> **Task goal**:
The copy must match the data below line for line and contain no images.

> **Stored data**:
┌──

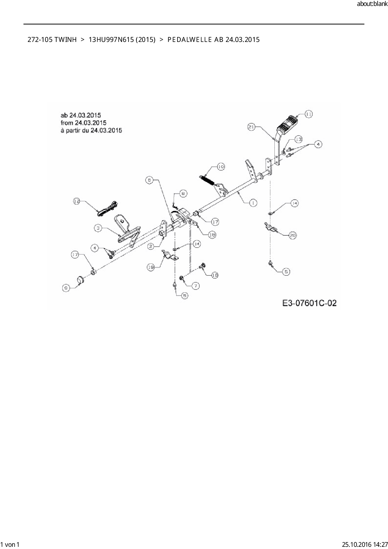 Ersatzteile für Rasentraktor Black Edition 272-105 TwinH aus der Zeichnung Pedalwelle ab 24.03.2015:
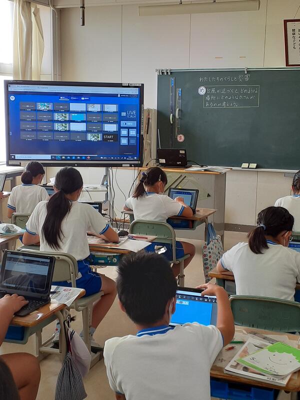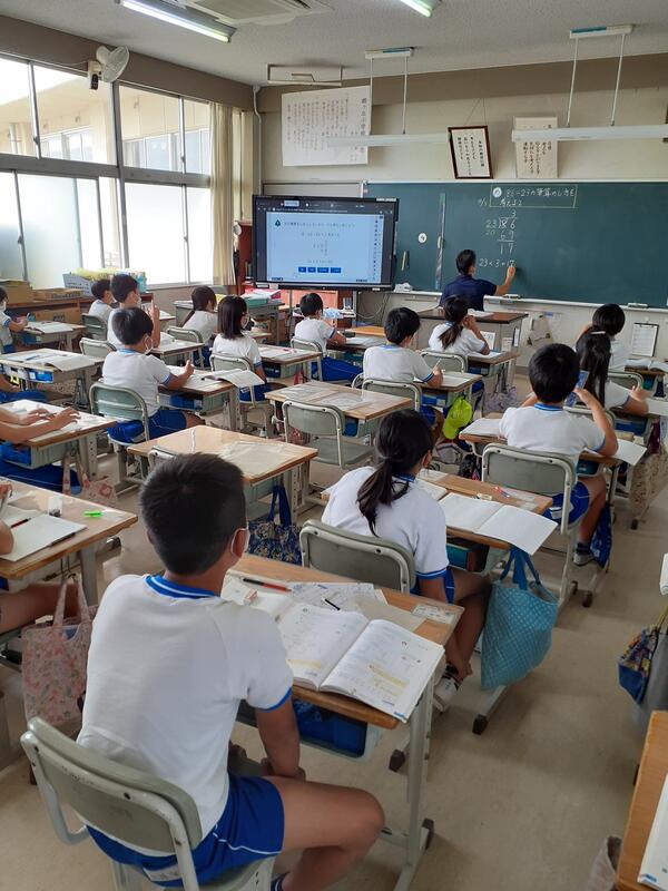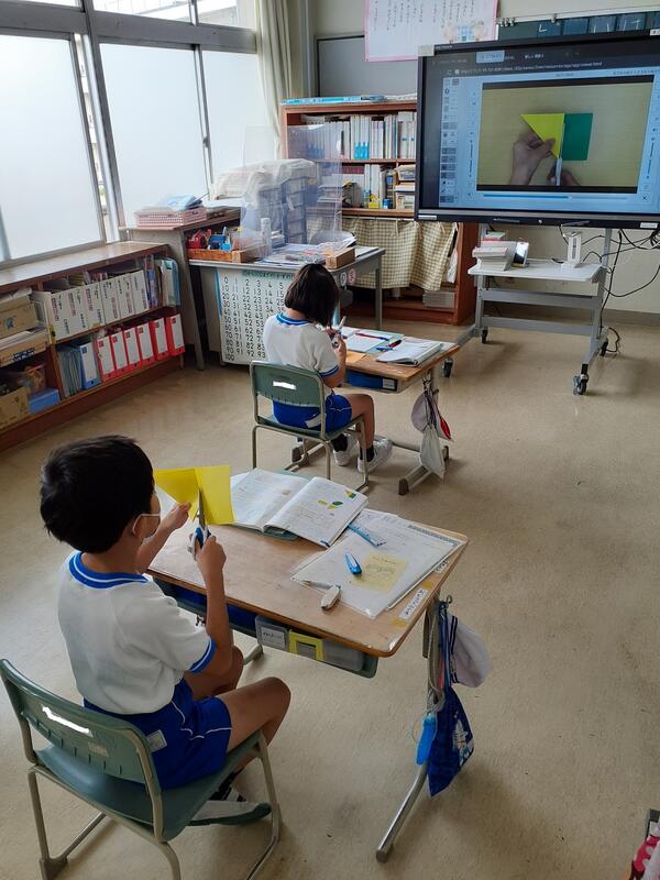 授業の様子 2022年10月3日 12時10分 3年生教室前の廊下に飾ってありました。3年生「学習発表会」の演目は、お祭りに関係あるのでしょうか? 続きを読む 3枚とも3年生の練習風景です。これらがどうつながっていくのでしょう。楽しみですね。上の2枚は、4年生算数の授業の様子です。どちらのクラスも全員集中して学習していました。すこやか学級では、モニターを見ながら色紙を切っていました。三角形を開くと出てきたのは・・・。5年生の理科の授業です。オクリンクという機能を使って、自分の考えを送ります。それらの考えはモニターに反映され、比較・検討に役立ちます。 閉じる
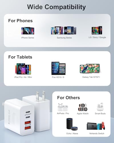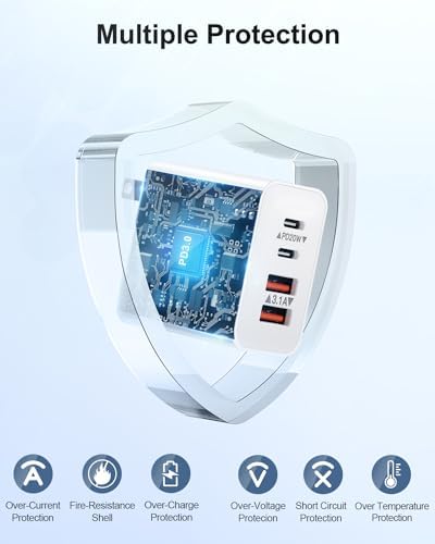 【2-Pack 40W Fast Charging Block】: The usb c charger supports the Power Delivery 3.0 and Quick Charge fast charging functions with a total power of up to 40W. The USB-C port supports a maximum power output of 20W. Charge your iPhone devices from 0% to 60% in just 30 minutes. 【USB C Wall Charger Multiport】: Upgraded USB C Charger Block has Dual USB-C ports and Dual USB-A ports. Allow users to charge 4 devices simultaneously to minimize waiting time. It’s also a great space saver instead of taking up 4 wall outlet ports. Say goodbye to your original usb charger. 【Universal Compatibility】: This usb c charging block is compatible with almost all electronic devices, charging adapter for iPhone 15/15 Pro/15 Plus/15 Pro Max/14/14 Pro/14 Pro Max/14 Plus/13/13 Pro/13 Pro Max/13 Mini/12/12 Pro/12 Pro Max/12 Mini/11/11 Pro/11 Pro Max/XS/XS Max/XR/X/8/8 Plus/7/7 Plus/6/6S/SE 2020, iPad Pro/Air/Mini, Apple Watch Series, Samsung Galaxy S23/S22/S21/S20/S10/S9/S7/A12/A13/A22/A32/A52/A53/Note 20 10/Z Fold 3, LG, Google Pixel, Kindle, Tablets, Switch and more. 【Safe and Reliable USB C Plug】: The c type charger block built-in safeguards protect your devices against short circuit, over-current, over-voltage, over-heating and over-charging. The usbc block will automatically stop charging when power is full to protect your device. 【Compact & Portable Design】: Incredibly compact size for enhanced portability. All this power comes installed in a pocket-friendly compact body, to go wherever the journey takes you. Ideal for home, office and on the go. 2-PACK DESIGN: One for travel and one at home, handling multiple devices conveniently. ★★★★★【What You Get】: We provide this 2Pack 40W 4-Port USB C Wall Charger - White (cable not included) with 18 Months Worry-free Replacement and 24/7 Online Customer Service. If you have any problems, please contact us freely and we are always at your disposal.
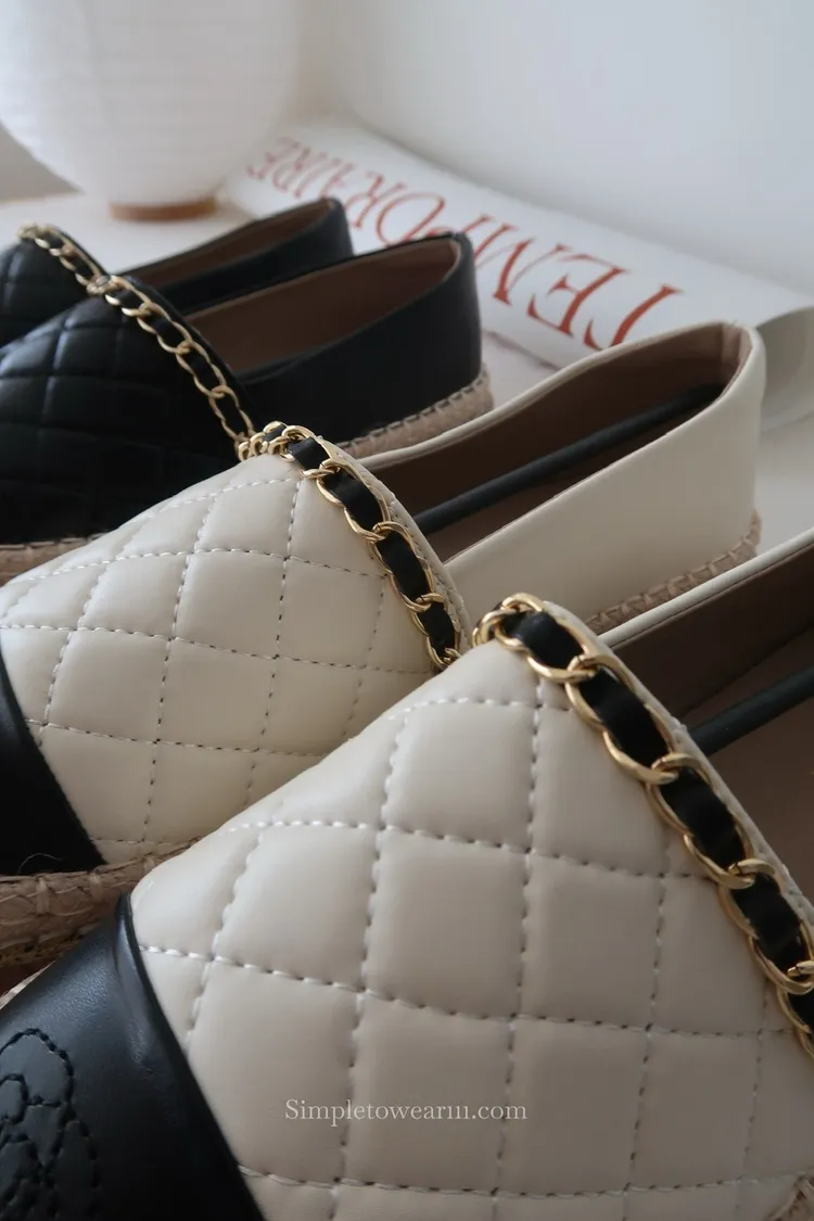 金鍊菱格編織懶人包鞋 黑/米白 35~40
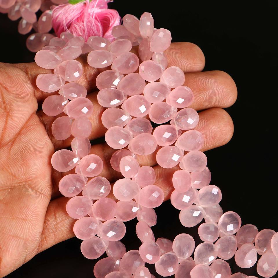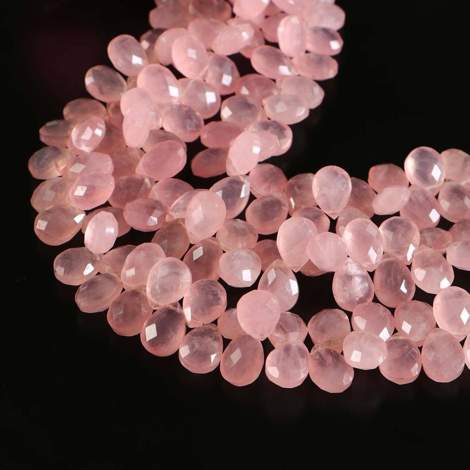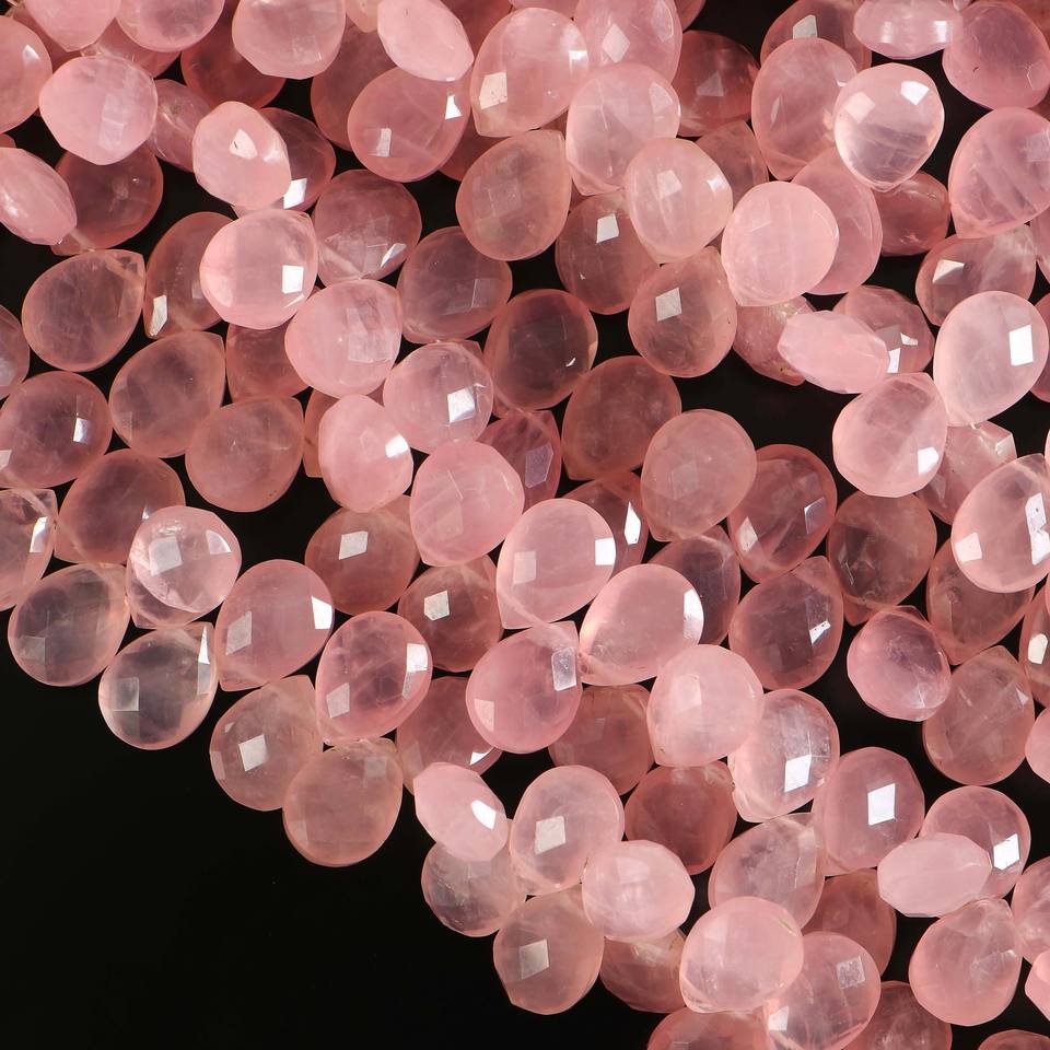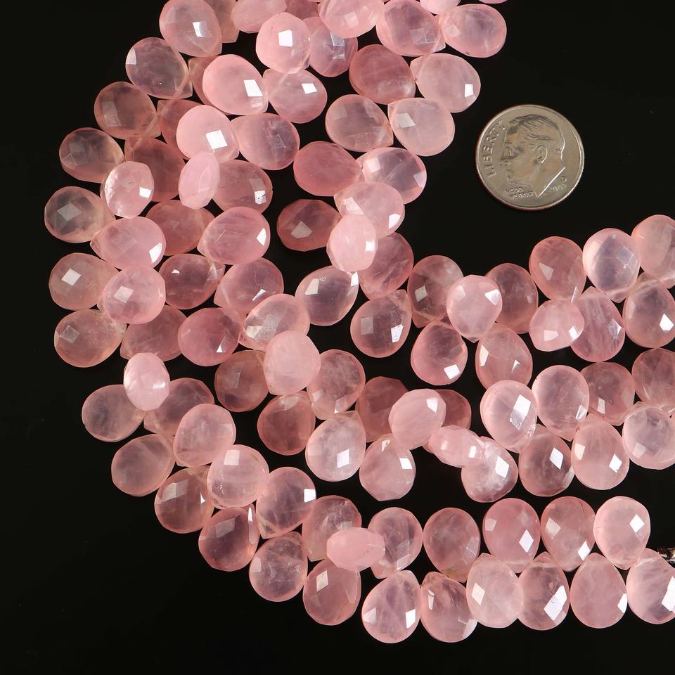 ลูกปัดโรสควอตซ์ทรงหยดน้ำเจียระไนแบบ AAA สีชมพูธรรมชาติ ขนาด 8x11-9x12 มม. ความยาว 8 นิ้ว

└──

> **Answer to this problem**:
 Ersatzteile für Rasentraktor Black Edition 272-105 TwinH aus der Zeichnung Pedalwelle ab 24.03.2015:
 授業の様子 2022年10月3日 12時10分 3年生教室前の廊下に飾ってありました。3年生「学習発表会」の演目は、お祭りに関係あるのでしょうか? 続きを読む 3枚とも3年生の練習風景です。これらがどうつながっていくのでしょう。楽しみですね。上の2枚は、4年生算数の授業の様子です。どちらのクラスも全員集中して学習していました。すこやか学級では、モニターを見ながら色紙を切っていました。三角形を開くと出てきたのは・・・。5年生の理科の授業です。オクリンクという機能を使って、自分の考えを送ります。それらの考えはモニターに反映され、比較・検討に役立ちます。 閉じる
 【2-Pack 40W Fast Charging Block】: The usb c charger supports the Power Delivery 3.0 and Quick Charge fast charging functions with a total power of up to 40W. The USB-C port supports a maximum power output of 20W. Charge your iPhone devices from 0% to 60% in just 30 minutes. 【USB C Wall Charger Multiport】: Upgraded USB C Charger Block has Dual USB-C ports and Dual USB-A ports. Allow users to charge 4 devices simultaneously to minimize waiting time. It’s also a great space saver instead of taking up 4 wall outlet ports. Say goodbye to your original usb charger. 【Universal Compatibility】: This usb c charging block is compatible with almost all electronic devices, charging adapter for iPhone 15/15 Pro/15 Plus/15 Pro Max/14/14 Pro/14 Pro Max/14 Plus/13/13 Pro/13 Pro Max/13 Mini/12/12 Pro/12 Pro Max/12 Mini/11/11 Pro/11 Pro Max/XS/XS Max/XR/X/8/8 Plus/7/7 Plus/6/6S/SE 2020, iPad Pro/Air/Mini, Apple Watch Series, Samsung Galaxy S23/S22/S21/S20/S10/S9/S7/A12/A13/A22/A32/A52/A53/Note 20 10/Z Fold 3, LG, Google Pixel, Kindle, Tablets, Switch and more. 【Safe and Reliable USB C Plug】: The c type charger block built-in safeguards protect your devices against short circuit, over-current, over-voltage, over-heating and over-charging. The usbc block will automatically stop charging when power is full to protect your device. 【Compact & Portable Design】: Incredibly compact size for enhanced portability. All this power comes installed in a pocket-friendly compact body, to go wherever the journey takes you. Ideal for home, office and on the go. 2-PACK DESIGN: One for travel and one at home, handling multiple devices conveniently. ★★★★★【What You Get】: We provide this 2Pack 40W 4-Port USB C Wall Charger - White (cable not included) with 18 Months Worry-free Replacement and 24/7 Online Customer Service. If you have any problems, please contact us freely and we are always at your disposal.
 金鍊菱格編織懶人包鞋 黑/米白 35~40
 ลูกปัดโรสควอตซ์ทรงหยดน้ำเจียระไนแบบ AAA สีชมพูธรรมชาติ ขนาด 8x11-9x12 มม. ความยาว 8 นิ้ว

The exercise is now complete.